New report shows how companies can improve racial equity, sustainability and return on investment by locating closer to workers

The Forward Innovation Center near Cleveland-Hopkins International Airport is a 200-acre industrial site that once housed a Ford Motor Co. plant. Poised to become a large manufacturing and distribution hub, it exemplifies the type of industrial facility in Northeast Ohio that could bring jobs closer to transit and workers, a key issue explored in a new report from Team NEO and the Fund for Our Economic Future.

CLEVELAND, Ohio — Team NEO and the Fund for Our Economic Future are taking fresh aim at a vexing social and economic problem caused by job sprawl — the tendency of companies to locate new facilities in rural or suburban job hubs far from urban workers who need employment.

A new report completed by the nonprofit economic development organizations outlines a new quantitative method to measure the costs and benefits of competing industrial sites by showing how firms can measure and take into account access to transit, talent, racial equity, and environmental sustainability.

Such data could be added to traditional site selection criteria such as time, risk and money, to help companies choose locations for plants in Northeast Ohio that provide a stronger return on investment while providing jobs for communities that need them.

“We are seeing more and more companies coming up with diversity, equity and inclusion, and social responsibility strategies,” said Bryce Sylvester, director of site strategies at Team NEO. “But we’re not seeing those strategies playing out in the site selection process.”

Job sprawl has added to persistent urban poverty in Northeast Ohio, plus the challenges faced by suburban or rural industries located beyond reasonable commutes from cities.

Such commutes are often difficult for workers who can’t afford to own, maintain and fuel a car, which according to the American Automobile Association costs an average of $9,300 a year.

A map prepared by the Fund for Our Economic Future documents the rise of new job hubs that speckle 12 counties in Northeast Ohio. The fund, a philanthropic coalition, has been studying how job sprawl hurts both workers and companies.

Bethia Burke, president of the Fund, described the sprawling pattern of Northeast Ohio’s suburban and rural job jobs as “one of the systems of inequality’' that has caused racial exclusion in the region’s job market.

The release of the report, entitled, “Where Matters,’’ marks the first public step toward the development of an online tool that the two organizations hope to provide in the first quarter of 2022.

The tool would enable site selection executives to compare and contrast urban versus rural or suburban locations for new or expanding businesses.

Sylvester said companies or communities seeking to use the new methodology should contact Team NEO to explore how it applies to specific sites. The report is available at jobhubsneo.org.

To develop the new analytical technique, the economic development organizations combined data from the Census Bureau, Walkscore, and other sources including EMSI, a labor market data company that calculates the number of workers available within a specific zip code, Sylvester said.

The report is intended to help Northeast Ohio attract more companies within reach of available workers at a time when the economy is expected to heat up as the coronavirus pandemic eases its grip on the economy.

The report appears after decades in which sprawl enabled by interstate highways has caused a massive shift in tax base and employment from the urban core of the region to suburban counties, villages, and townships.

A map based on inflation-adjusted, assessed property tax values for 226 communities in seven Northeast Ohio counties shows gains and losses channeled by highway-induced suburban development between 1960 and 2018. County auditor information was gleaned by Cleveland State University researchers through the Ohio Department of Taxation.

Since 1960, Cleveland has lost 66 percent of its commercial, industrial, and residential tax base, while the tax base of communities such as Strongsville and Solon at the outer edge of Cuyahoga County has exploded by triple-digit percentages.
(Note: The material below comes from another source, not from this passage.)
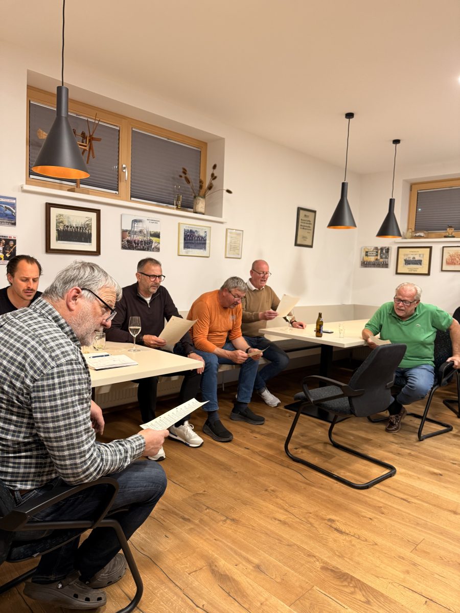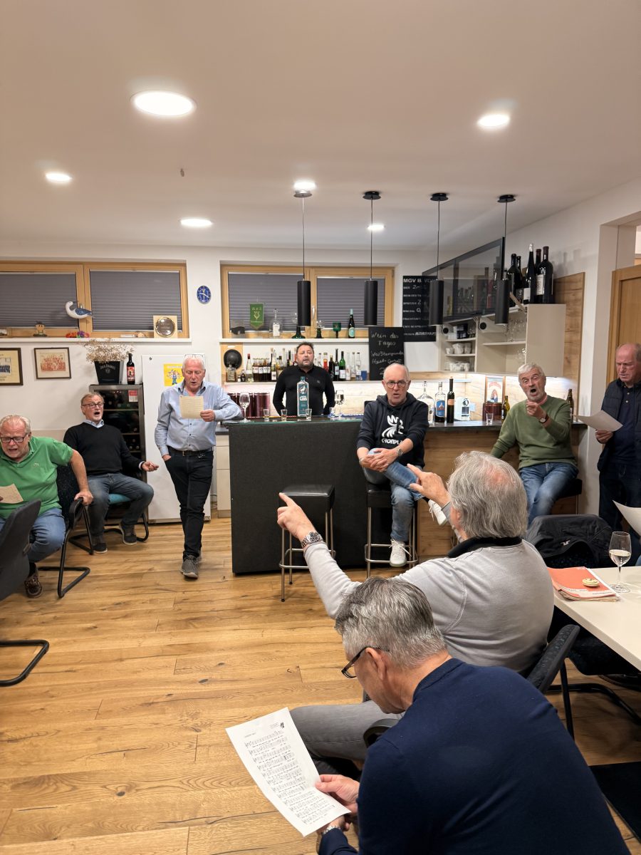 Jeden Dienstag treffen sich die 24 Sänger im Vereinsheim und proben gemeinsam an altem und neuem Liedgut. Sei es in Kleingruppenproben oder im Gesamtchor. Chorleiter Wolfgang Puchtler fordert die Stimmen seiner Sänger in unnachahmlicher Weise jeden Dienstag immer wieder aufs Neue. Intensiv wird bereits für die kommenden Auftritten am Labitschberg „Der singende Weinberg“, im Loisium, in Hamburg und für unseren „Bunten Abend“ im November geprobt.

The report also parallels a related project undertaken by the Fund for Our Economic Future called the “Paradox Prize,’’ which offers a purse of $1 million to private companies able to devise ways to transport workers to suburban plants beyond the reach of traditional transit service.

Burke said the project is now conducting eight pilot programs.
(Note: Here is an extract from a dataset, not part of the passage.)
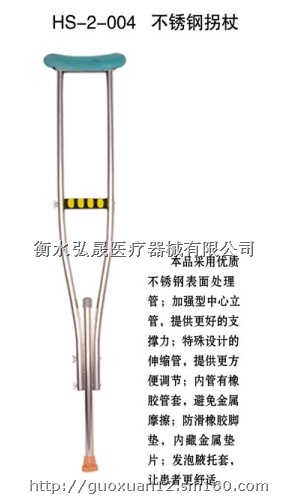 本公司产品采用优质不锈钢表面处理管,加强型中心立管,提供更好的支撑力,特殊设计的伸缩管,提供更方便调节;内管有橡胶管套,避免金属管摩擦,防滑橡胶脚垫,内置金属垫片,海绵发泡腋托和握手,让使用者更舒适。

Denise Green worked the third shift at Swagelok in Solon and was being dropped off at her home in Bedford Heights last September at 8 a.m. after a ride in a Paradox Prize van.

The “Where Matters” report was completed with financial support from the Lincoln Institute of Land Policy and the Holmes Fellowship program at the Weatherhead School of Management at Case Western Reserve University.

Sylvester said the goal of the report is not to set up win-lose conflicts between urban, suburban, and rural communities. It’s to help companies find better ways to assess how site selection affects their bottom line.

“If it’s an urban site, we have to spend more time reducing risk,’’ he said. “If it’s rural, we’ll have to spend more time seeing if transit can be provided. We want to be as thorough and thoughtful as we can in both scenarios.”

By releasing the report now, Team NEO and the Fund for Our Economic Future hope to generate additional discussions with companies and site selectors in order to refine the online tool before unveiling it next year, Sylvester said.

“We’re trying to show everybody what we’ve done so far,’’ he said. “Our message is we’re going to continue to learn and sharpen as we move on.”